Monsieur le Président, cher François Hollande,
Madame la Maire,
Monseigneur,
Mesdames, Messieurs,

Cela fait cinquante ans aujourd’hui que le Président de Gaulle prononçait les paroles suivantes devant l’archevêque de Reims, je cite : « Excellence, le Chancelier Adenauer et moi même venons dans votre cathédrale sceller la réconciliation de la France et de l’Allemagne ». Ces quelques mots tout simples allaient jouer un rôle historique inégalable, écrire l’histoire. Ces mots ont été littéralement gravés dans le marbre : une plaque apposée devant la cathédrale rappelle aux visiteurs cette phrase mémorable.

La dimension du geste historique de Charles de Gaulle et de Konrad Adenauer à Reims ne peut être appréciée à sa juste valeur qu’en regardant le long chemin, semé d’embûches, parcouru par la France et l’Allemagne : pendant des siècles, nos relations de voisinage n’ont été qu’une succession sans fin de guerres et de sang versé. Les préjugés, la haine et l’inimitié ont fini par déboucher sur deux guerres mondiales dévastatrices. La ville de Reims elle même et tout le nord de la France ont connu les immenses souffrances et la misère de la guerre. Les nombreux cimetières militaires dans la région sont là pour nous le rappeler. Le bombardement de la cathédrale de Reims par les soldats allemands durant la Première Guerre mondiale a été le symbole de l’inanité de la guerre et des destructions.

Pourtant, l’espoir de la réconciliation franco-allemande était déjà présent en germe à la fin de cette guerre. Des hommes comme Aristide Briand et Gustav Stresemann ont tenté cette réconciliation. Mais les choses devaient tourner différemment… et de manière bien pire que tout ce qui avait pu être imaginé. La Seconde Guerre mondiale déclenchée par l’Allemagne a apporté des souffrances incommensurables à nos peuples, à l’Europe et au monde entier : barbarie, humiliation et privation des droits, exploitation et anéantissement, effondrement de la civilisation avec la Shoah.

La France a été occupée par l’armée allemande de 1940 à 1944. La terreur de la Gestapo et des SS a laissé des traces profondes dans la mémoire de la nation française. La relation entre nos deux peuples aurait difficilement pu être plus fortement ébranlée. Le 8 mai 1945 enfin, c’est à Reims qu’a eu lieu la capitulation sans condition de l’Allemagne. La France est alors devenue l’une des quatre puissances d’occupation en Allemagne. Plus jamais l’Allemagne ne devait troubler la paix mondiale.

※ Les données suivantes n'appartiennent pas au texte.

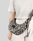 Стильна та практична модель у леопардовому виконанні, виготовлена з міцної тканини гобелен. Завдяки м’якій основі з наповненням синтепоном сумка добре тримає форму, залишаючись легкою та зручною у використанні. Регульований ремінь дозволяє носити її на плечі, через плече чи в руці.Сумка достатньо містка, щоб вмістити телефон, гаманець, ключі та інші дрібниці. Характеристики:- Матеріал: гобелен (80% бавовна, 20% поліестер)
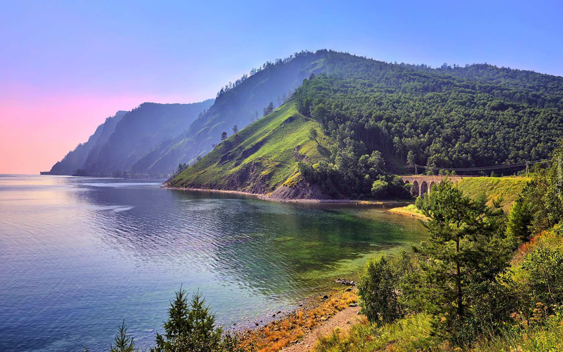 Edytor tapety: Zalesione góry i wiadukt kolejowy nad jeziorem

Nous devons être conscients de cette situation si nous voulons pouvoir apprécier à leur juste valeur les mérites historiques de de Gaulle et d’Adenauer. Quasiment chaque famille avait été marquée par la mort et les souffrances résultant de la guerre et de ses ravages. Et pourtant, une confiance nouvelle dans un avenir prospère avait semé le germe de la réconciliation.

Dix-sept ans après la fin de la guerre, le Président de Gaulle et le Chancelier Adenauer assistaient ensemble à une messe dans la cathédrale de Reims. Après des pages sombres, ils ouvraient un nouveau chapitre de l’histoire franco-allemande. Mieux encore : dans cette cathédrale, ces deux grands hommes d’État commençaient une nouvelle œuvre, celle de l’amitié franco-allemande.

Profondément touchés par ce moment historique, l’un parlait de miracle, l’autre de cadeau du Ciel. Ainsi, le Chancelier Adenauer déclarait dans un discours prononcé le soir du 8 juillet 1962, je cite : « Ce que le Ciel a donné à nos peuples, nous devons le cultiver et le conserver avec respect et reconnaissance ». De fait, la visite d’État du Chancelier Adenauer en France a été bientôt suivie d’une visite du Président de Gaulle en Allemagne. Son voyage s’est transformé en véritable triomphe : sa personnalité et ses discours enflammaient les foules. À Ludwigsburg, il a tenu devant des milliers de jeunes Allemands et de jeunes Français son discours fondateur à la jeunesse.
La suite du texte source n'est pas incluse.